Bush. Cock your ear toward Washington and what do you hear?
Democrats, even the sensible ones such as John Francois Kerry and
Senator Joe Biden, the admirer of British political oratory,
adjudge him hopeless. Now even conservatives are weighing in. My
own colleague at The American Spectator, The Prowler,
writes that
“at this stage of the game…this Administration is [probably] done
for.” Alas, time to amble back to the ranch, George.
Or is it? Every normal presidency in recent decades has been
through times like this. I say normal because at least one, the
Clinton presidency, and possibly a second one, the Nixon
presidency, were decidedly abnormal. From Franklin Delano Roosevelt
to the present president, every president has found himself
occasionally forlorn and rejected. Yet, with the exceptions of
Jimmy Carter and Lyndon Johnson (remember, we have placed Clinton
and Nixon in a class by themselves), these presidencies have for
the most part been successful. Well, that might not be exactly true
of the presidency of John F. Kennedy, but maybe he too should be
placed in a class by himself.
Despite the gloom surrounding the White House, it is too early
to predict this president’s success or failure. He is engaged in a
war and wars are always fraught with vicissitudes, failed
predictions, and setbacks, even for the victorious side. Who
announced that all U.S. troops would be out of Germany by 1947?
That would be FDR at Yalta in 1945. Why was Washington so desperate
to bring the Red Army into our war with Japan as late as the winter
of 1945? We had no clear idea of how effective the atomic bomb
would be against the Japanese. Most of the criticism of this
Administration’s execution of war in Iraq is ignorant,
opportunistic, and hypocritical. Consider Boy Clinton’s recent
eruption of bosh, claiming that the President acted precipitously
and “with no real urgency, no evidence that there were weapons of
mass destruction.” Thitherto Clinton has deposited scores of
statements on the public record contradicting these partisan
judgments, which make this famed perjurer once again a candidate
for the Hypocrites’ Hall of Fame.
One of the reasons that it is too early to count this admittedly
struggling president out is that his opposition is in disarray,
greater disarray than it has been in years.
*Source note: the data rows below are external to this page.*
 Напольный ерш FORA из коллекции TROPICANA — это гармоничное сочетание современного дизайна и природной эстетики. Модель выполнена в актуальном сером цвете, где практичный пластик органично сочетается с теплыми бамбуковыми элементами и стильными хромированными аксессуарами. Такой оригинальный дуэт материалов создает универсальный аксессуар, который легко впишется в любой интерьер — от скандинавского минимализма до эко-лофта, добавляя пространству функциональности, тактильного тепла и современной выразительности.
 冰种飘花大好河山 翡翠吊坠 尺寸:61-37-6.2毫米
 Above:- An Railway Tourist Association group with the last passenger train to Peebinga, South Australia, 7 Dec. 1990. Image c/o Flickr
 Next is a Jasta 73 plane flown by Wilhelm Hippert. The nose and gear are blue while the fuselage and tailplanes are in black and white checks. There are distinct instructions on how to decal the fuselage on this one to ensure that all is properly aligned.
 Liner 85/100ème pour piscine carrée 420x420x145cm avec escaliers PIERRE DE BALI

The Democrats have no
program, no coherent ideas, and no leader who is not perilously
controversial. I have in mind the mesmeric Hillary, who mesmerizes
Democrats, is repellent to Republicans, and unattractive to most
independents. She is the first First Lady ever to suffer the
disapproval of a majority of Americans since pollsters began
polling the approval ratings for First Ladies. She is, aside from
her husband, the most scandal-prone person in American
politics.
Another reason it is too early to count this president out is
that he, and his fellow Republicans for that matter, bring out the
worst in the Democrats, and at their worst the Democrats are very
unappealing. In their rebarbative lecturing to Judge John Roberts
they did themselves no good with average voters. Most Americans
know that it is repugnant to boast of one’s own virtue. By
strutting their moral superiority over Roberts and condemning him
as inhumane without any supporting evidence they looked like a
panel of frauds. That is the Democrats’ problem in a profession
that attracts fakers; they are brazen fakes. Voters are not always
unaware of this.
Blessed by such unimpressive opponents this president still has
a good chance of ending his presidency in three years as a success.
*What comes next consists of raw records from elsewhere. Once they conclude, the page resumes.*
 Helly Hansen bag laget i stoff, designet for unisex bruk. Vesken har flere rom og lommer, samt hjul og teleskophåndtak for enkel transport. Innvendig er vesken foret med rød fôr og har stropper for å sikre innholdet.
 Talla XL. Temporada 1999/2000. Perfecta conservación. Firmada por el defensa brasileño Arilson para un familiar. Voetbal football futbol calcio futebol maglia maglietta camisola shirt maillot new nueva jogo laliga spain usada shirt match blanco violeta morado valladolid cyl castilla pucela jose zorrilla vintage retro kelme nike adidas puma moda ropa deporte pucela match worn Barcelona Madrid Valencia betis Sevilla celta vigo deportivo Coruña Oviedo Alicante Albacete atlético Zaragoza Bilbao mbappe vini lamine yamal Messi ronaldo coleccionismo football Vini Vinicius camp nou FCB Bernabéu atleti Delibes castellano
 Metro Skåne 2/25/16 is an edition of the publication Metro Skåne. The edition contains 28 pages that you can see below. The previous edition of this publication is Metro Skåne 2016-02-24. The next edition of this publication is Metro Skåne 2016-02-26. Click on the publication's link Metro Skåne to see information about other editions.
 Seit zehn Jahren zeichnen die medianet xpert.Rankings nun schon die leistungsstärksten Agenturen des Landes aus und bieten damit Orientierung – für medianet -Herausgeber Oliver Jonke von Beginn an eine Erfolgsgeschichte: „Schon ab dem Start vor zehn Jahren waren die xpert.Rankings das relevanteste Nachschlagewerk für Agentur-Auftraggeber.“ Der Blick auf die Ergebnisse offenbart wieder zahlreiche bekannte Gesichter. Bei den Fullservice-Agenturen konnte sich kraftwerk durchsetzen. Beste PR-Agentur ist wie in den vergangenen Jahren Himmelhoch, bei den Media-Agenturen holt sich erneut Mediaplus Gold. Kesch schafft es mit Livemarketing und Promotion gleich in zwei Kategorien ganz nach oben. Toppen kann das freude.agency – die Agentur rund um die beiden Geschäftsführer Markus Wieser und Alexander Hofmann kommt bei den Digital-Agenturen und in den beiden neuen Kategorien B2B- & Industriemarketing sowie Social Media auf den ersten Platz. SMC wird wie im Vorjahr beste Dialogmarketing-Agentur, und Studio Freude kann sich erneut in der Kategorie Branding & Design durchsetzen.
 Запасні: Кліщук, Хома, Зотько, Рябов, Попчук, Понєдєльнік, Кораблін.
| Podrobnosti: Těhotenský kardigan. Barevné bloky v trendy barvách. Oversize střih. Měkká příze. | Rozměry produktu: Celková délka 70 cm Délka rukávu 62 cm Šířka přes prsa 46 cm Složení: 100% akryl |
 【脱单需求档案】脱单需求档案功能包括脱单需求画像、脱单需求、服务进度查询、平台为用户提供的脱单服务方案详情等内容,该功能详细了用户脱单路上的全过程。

Much depends on the economy, which is robust. Much more depends on
his most historic initiative, which means: victory in Iraq,
suppression of terror, and the spread of peace in the Middle East.
Developments in Egypt, Lebanon, and Libya suggest that peace might
be spreading. Whether the Administration’s goal of democracy can
spread is a question beyond me, but who can scoff at the goal? The
spread of democracy has been an American ideal going back to
President Woodrow Wilson, and the presidents who have been most
fervent on behalf of democracy have usually been Democrats.
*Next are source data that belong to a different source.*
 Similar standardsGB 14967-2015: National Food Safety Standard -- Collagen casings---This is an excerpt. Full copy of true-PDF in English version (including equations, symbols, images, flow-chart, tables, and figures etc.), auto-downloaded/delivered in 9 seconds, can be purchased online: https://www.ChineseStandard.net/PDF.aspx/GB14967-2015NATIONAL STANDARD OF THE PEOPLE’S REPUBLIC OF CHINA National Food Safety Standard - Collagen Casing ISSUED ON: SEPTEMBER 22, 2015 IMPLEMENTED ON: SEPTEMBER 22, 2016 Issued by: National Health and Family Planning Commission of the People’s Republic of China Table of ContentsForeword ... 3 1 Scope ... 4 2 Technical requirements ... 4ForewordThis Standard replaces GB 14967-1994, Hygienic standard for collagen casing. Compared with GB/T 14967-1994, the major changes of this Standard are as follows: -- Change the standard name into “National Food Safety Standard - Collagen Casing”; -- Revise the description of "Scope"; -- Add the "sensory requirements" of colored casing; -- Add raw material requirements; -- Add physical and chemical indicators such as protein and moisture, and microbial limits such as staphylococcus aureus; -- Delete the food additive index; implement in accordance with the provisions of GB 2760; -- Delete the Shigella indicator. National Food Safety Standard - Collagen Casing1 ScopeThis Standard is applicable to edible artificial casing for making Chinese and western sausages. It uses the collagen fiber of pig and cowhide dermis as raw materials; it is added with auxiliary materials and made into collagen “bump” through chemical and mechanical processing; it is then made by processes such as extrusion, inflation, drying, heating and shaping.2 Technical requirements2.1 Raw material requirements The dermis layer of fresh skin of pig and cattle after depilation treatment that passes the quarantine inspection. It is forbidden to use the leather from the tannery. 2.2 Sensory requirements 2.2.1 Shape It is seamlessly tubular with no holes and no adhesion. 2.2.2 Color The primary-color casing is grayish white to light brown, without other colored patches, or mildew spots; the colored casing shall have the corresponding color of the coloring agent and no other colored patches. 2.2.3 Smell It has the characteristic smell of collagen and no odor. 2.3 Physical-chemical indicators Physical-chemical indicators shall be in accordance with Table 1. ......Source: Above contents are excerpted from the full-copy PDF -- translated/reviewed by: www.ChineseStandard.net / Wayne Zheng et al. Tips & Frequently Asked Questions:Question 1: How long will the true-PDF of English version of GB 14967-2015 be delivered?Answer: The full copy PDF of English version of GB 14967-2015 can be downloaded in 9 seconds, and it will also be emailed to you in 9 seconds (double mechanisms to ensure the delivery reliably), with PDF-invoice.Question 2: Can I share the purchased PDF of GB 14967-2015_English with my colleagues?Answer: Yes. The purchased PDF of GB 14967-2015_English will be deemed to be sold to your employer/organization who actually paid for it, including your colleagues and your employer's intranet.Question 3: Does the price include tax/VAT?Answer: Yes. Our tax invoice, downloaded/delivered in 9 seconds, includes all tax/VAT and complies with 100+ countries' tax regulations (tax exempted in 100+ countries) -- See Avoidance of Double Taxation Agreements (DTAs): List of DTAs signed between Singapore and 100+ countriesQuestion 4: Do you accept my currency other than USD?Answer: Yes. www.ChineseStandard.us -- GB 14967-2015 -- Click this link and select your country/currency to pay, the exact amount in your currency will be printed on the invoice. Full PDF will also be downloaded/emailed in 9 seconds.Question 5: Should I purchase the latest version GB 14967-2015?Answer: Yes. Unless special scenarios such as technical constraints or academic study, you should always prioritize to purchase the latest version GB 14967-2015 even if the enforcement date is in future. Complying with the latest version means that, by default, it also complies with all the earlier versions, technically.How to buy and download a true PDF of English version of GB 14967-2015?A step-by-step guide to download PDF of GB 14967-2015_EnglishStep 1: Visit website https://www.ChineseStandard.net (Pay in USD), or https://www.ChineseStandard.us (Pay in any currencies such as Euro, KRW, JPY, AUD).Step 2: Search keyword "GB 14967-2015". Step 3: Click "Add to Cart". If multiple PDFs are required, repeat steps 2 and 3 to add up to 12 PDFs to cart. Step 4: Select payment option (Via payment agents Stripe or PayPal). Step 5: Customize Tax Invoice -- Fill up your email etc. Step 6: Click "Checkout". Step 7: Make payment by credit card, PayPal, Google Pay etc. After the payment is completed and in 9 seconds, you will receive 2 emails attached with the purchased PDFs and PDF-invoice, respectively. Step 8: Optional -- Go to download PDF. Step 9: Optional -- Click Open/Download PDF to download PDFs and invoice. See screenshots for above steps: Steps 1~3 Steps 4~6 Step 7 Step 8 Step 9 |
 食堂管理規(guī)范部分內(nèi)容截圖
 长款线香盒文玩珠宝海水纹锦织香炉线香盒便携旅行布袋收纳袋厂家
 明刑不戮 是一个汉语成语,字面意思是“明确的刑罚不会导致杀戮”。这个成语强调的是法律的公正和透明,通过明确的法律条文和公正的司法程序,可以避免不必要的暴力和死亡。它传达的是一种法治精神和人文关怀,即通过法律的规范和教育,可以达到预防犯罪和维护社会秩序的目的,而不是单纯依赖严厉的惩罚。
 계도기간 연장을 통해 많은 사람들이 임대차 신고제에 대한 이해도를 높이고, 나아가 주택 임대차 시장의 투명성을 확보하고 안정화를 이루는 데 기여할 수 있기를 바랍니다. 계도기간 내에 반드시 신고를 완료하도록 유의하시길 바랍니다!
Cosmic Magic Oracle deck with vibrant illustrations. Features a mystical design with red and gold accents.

In foreign policy and even in many of his domestic initiatives,
this Republican president has achieved a neat trick. He has assumed
policies usually associated with the most honored Democrats. The
almost unprecedented anger against him is the anger once exhibited
by Midwestern and small-town Republicans as they watched FDR pass
them by. The shrieks heard from the Democrats these days puts me in
mind of one of my most deeply held beliefs about politics, to wit:
Rather than being shaped by principles or by interests, most
political issues are shaped by mental illness, namely the need of
some citizens to be perpetually angry.